A few months ago my friend and neighbor Olav was fiddling around with a dataset of movie plot descriptions he downloaded from the Internet Movie Database (IMDb). If I recall correctly, he was taking a stab at the Netflix Prize. We discussed this for a while over coffee, but (as usual) our conversations were all over the place; and somewhere along the line we wondered what songs are used most often in movies.
What is that song they always play? The one that goes like ‘#dun dun dun dun dudun dun dun duuuuun#’. You know?
The IMDb site offers lots of different datasets for download, and we quickly found that one of them contains soundtrack listings (the aptly named file soundtracks.list.gz). Now it was just a matter of filtering out the unnecessary contextual data and counting songs. Quickly Olav, who does datamining for a living, managed to get all this done using spiffy point-and-click tools. I proceeded to ask twitter what people thought the answer would be.

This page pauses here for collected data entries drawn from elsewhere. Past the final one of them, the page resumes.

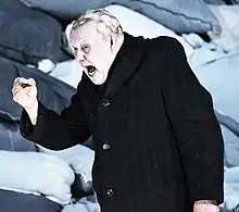 From 1997, Kirchner was back at the Burgtheater.[1] He played in 1998 Clov in Beckett's Endspiel alongside Voss as Hamm,[6] staged by Tabori in a production that was invited to the Berliner Theatertreffen. For this performance Kirchner and Voss won again the award Actor Duo of the Year.[9] In 1999 he appeared as Schigolch in Wedekind's Lulu, staged by Andreas Kriegenburg.[6] He played Solange in Die Zofen, directing himself with Voss and his wife Ursula Voss, and Dr. Dorn in Chekhov's Die Möwe with Luc Bondy, both in 2000. A year later, he appeared as Sandperger in Karl Schönherr's Glaube und Heimat with Martin Kušej, and a supervisor and a policeman in Roberto Zucco by Bernard-Marie Koltès with Klaus Michael Grüber. In 2002, he appeared as Uta-Napishti in the premiere of Raoul Schrott's Gilgamesh with Theu Boermans, and as Richard in the Austrian premiere of Thomas Bernhard's Elisabeth II with Thomas Langhoff.[10] He performed again solo programs such as Walser's Der Spaziergang[1] and Bernhard's Der Stimmenimitator and Minetti. From 2005, he played in a Burgtheater production of Klaus Pohl's Der Anatom at the Anatomischer Saal der Bildenden Künste, the play's only role.[11] He appeared at the Salzburg Festival in the speaking role Samiel in Weber's opera Der Freischütz in 2005, staged by Falk Richter.[12]
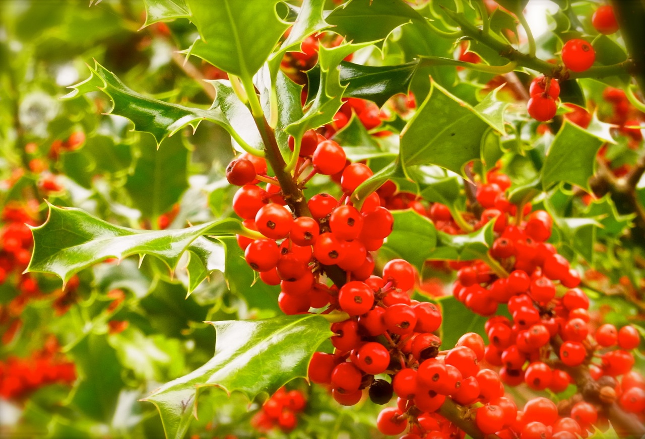 3メートルぐらいある、大きな柊の木。葉っぱがぴかぴか 赤い実がきらきら。鮮やかです。
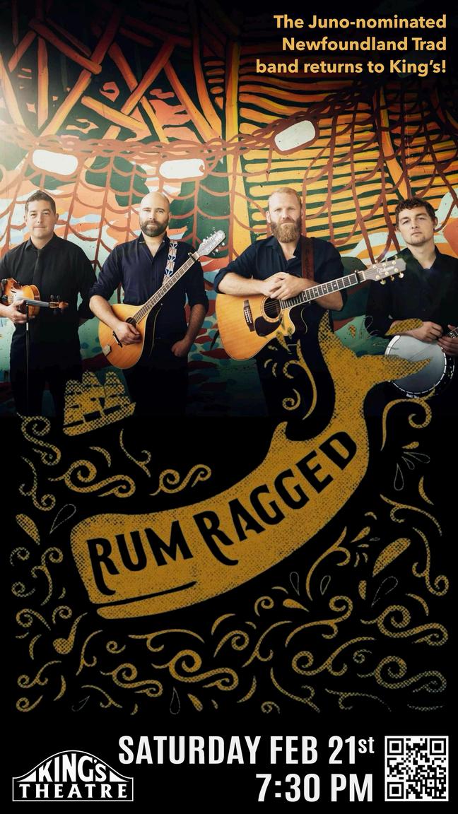 JUNO Award Nominees, Rum Ragged, take a bold approach to the distinct folk music of their home, the Eastern Canadian island of Newfoundland. With a reverence for their roots and a creative, contemporary edge, this young band has quickly become known as the finest performers of their great, living, musical tradition. Boasting bouzouki, fiddle, bodhran, banjo, guitar, and button accordion, these new champions of East Coast music enliven and enlighten audiences with their signature brand of Newfoundland folk. Always honest, thought-provoking, and often humorous, it’s Rum Ragged’s live show that makes them a fast favourite with any audience. Their combination of striking vocal harmonies, staggering musicianship, and captivating storytelling gives concert-goers an experience they won’t soon forget. Since their inception in 2016, Rum Ragged has maintained a rigorous tour schedule, performing at some of the world’s premier folk, celtic and roots venues all while managing to record four acclaimed, award-winning studio albums. Rum Ragged is not your run-of-the-mill folk band, they are the genuine article.
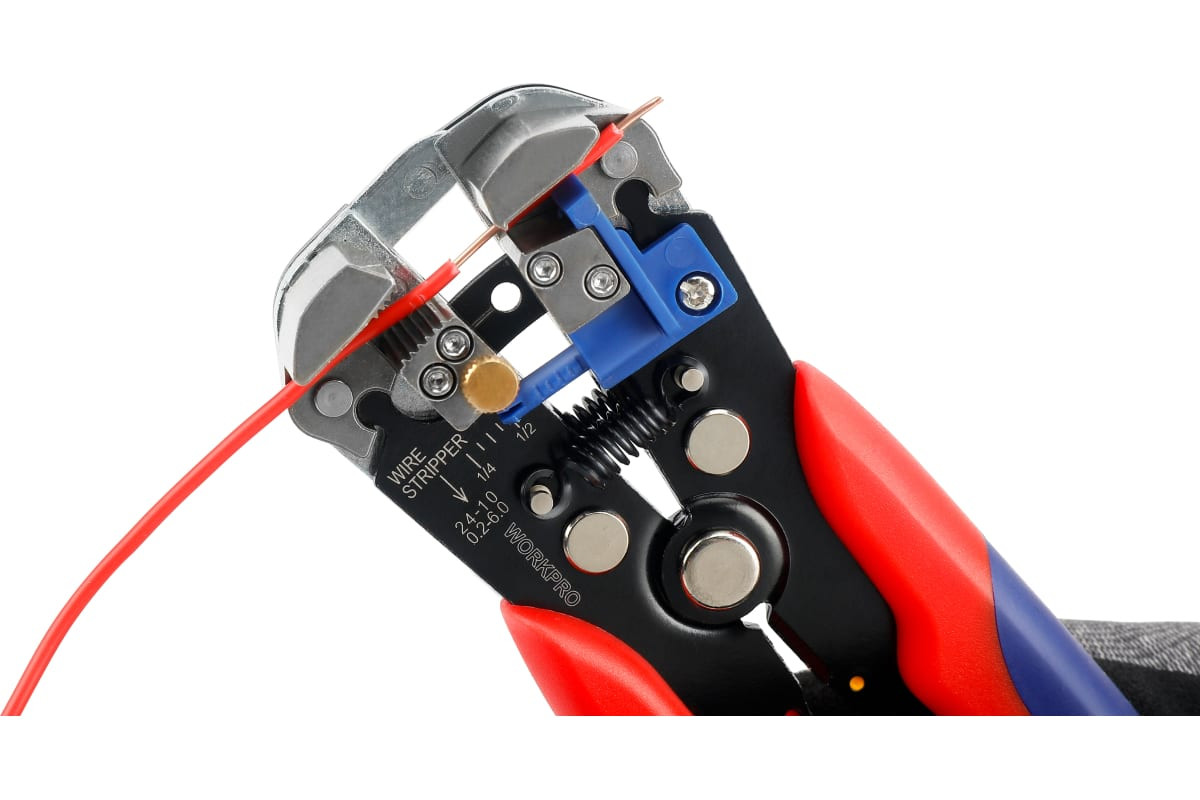 • The WORKPRO 3in1 WP291007 wire stripper has a self-adjusting mechanism: the wire can be stripped by adjusting the cutting blade opening precision, which is ideal for copper and aluminum cables from 10-24 AWG
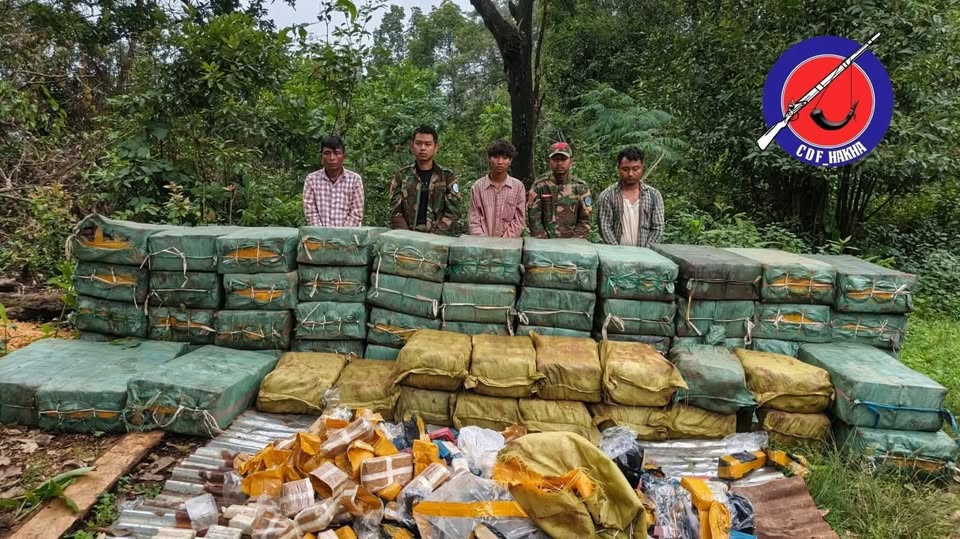 ၂၀၂၅ ခုနှစ်၊ ဇူလိုင်လက NUG လက်အောက်ခံ ယင်းမာပင်ခရိုင် PDF တွေ သယ်လာတဲ့ မူးယစ်ဆေးဝါးတွေ ကို ချင်းလက်နက်ကိုင်အဖွဲ့က ဟားခါးမြို့နယ်ထဲမှာ ဖမ်းမိခဲ့စဉ်
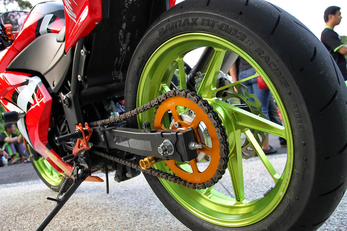 鏈條與齒盤所組成的傳動系統是當今最常見的,在仿賽車上幾乎清一色使用這一類型的傳動件。動力經過引擎及變速箱之後,便傳遞至驅動軸上的小齒盤(前齒),再藉由鏈條傳遞至後輪軸上被動的大齒盤(後齒)。小齒盤的齒數及大齒盤的齒數換算成減速比,因此鏈條及齒輪在搭配之後,動力還可以獲得一次扭力放大。

The top five results turned out to be a collection of classics. The songs played in movies (according to the IMDb data) is as follows.
- “Jingle Bells” (220x)
- “William Tell Overture” (204x)
- “Home Sweet Home” (160x)
- “Auld Lang Syne” (149x)
- “Rock-a-Bye Baby” (140x) Not at all what we were expecting, but quite obvious when you think about how many Christmas movies are out there. Data mining is very often like that. You find answers that were unexpected, but also unsurprisingly obvious.
It’s the same song, but it never gets old.
[Much later, a friend (can’t remember exactly who) noted that the song that is played most often in theaters is probably not listed in the data set the IMDb provides. It’s the 20th Century Fox intro.]